When he was found he had not eaten for three weeks and had been tortured, said a man named Abou Hamad, who cared for Mr. Gamienbay at his house in the area in the days before he died.
The Egyptian government began military operations in August to root out extremists and get Sinai under control. But despite an increased security presence, criminal gangs in Sinai continue to take migrants and asylum seekers hostage en route to Israel. They are held for ransom and often tortured.
“This is one of the most serious human rights concerns in Egypt and it’s not being addressed,” said Nicholas Piachaud, North Africa campaigner for Amnesty International. “It’s a tragedy which has unfolded across many different countries and is playing out on an international scale but being ignored by the international community.”
Sub-Saharan migrants, refugees and asylum seekers began moving northward, aiming to enter Israel, around 2006, said Shahar Shoham, who directs the migrants department at Physicians for Human Rights-Israel, which provides medical treatment for them.
At first they were mostly Sudanese, who paid as much $2,000 to be taken to Israel, said Abou Mahmoud, a Sinai Bedouin who said he used to smuggle them.
But since 2008 they have mostly come from Eritrea, said Ms. Shoham and other experts. It is these Eritreans who have become the main targets of extortion and trafficking.
Meron Estefanos, a human rights activist and radio presenter in Sweden for Radio Erena, which broadcasts in Eritrea and via satellite around the world, said that in some cases criminals lured young Eritreans seeking asylum in Ethiopia into crossing Sinai instead, with a promise of better lives in Israel. They then kidnap them, she said.

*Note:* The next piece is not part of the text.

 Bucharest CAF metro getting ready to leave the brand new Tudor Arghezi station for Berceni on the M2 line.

Over the past 20 months, human rights workers in Egypt, Israel and Europe have documented a disturbing new trend.
Hostages in Sinai say they never intended to go to Israel but were kidnapped in Sudan or Ethiopia on their way to refugee camps and sold to Sinai criminals to be held for ransom.
“We are actually talking about a few hundred in Israel that didn’t plan to come here,” Ms. Shoham said.

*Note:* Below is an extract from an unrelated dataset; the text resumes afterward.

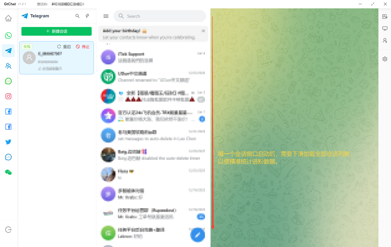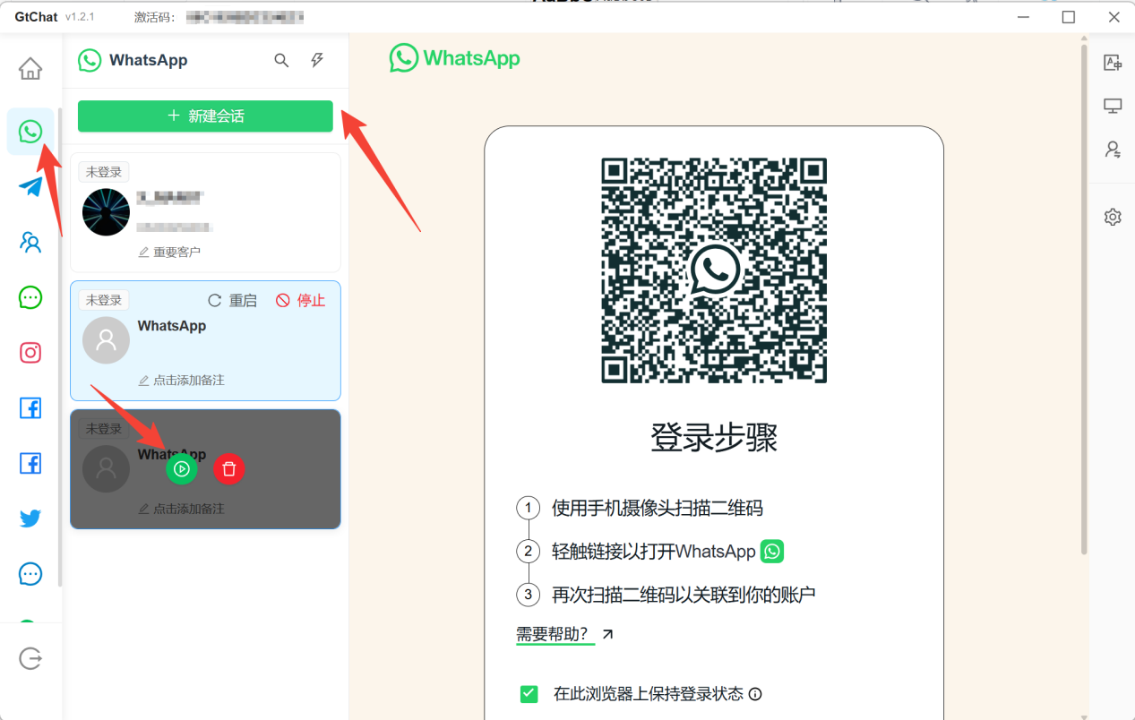 选择想创建工单的平台,点击【新建会话】点击启动按钮,扫码登录社交账号;

The kidnappers are members of the Rashaida tribe in Eritrea and Sudan, or other Eritreans, according to a September report by Europe External Policy Advisers, a research group in Brussels, and Tilburg University, in the Netherlands. The report was based on 104 interviews with hostages, conducted primarily by telephone while they were being held.
Many said they had been kidnapped from refugee camps, including the Shagarab camp, in Sudan, and Mai Aini, in Ethiopia.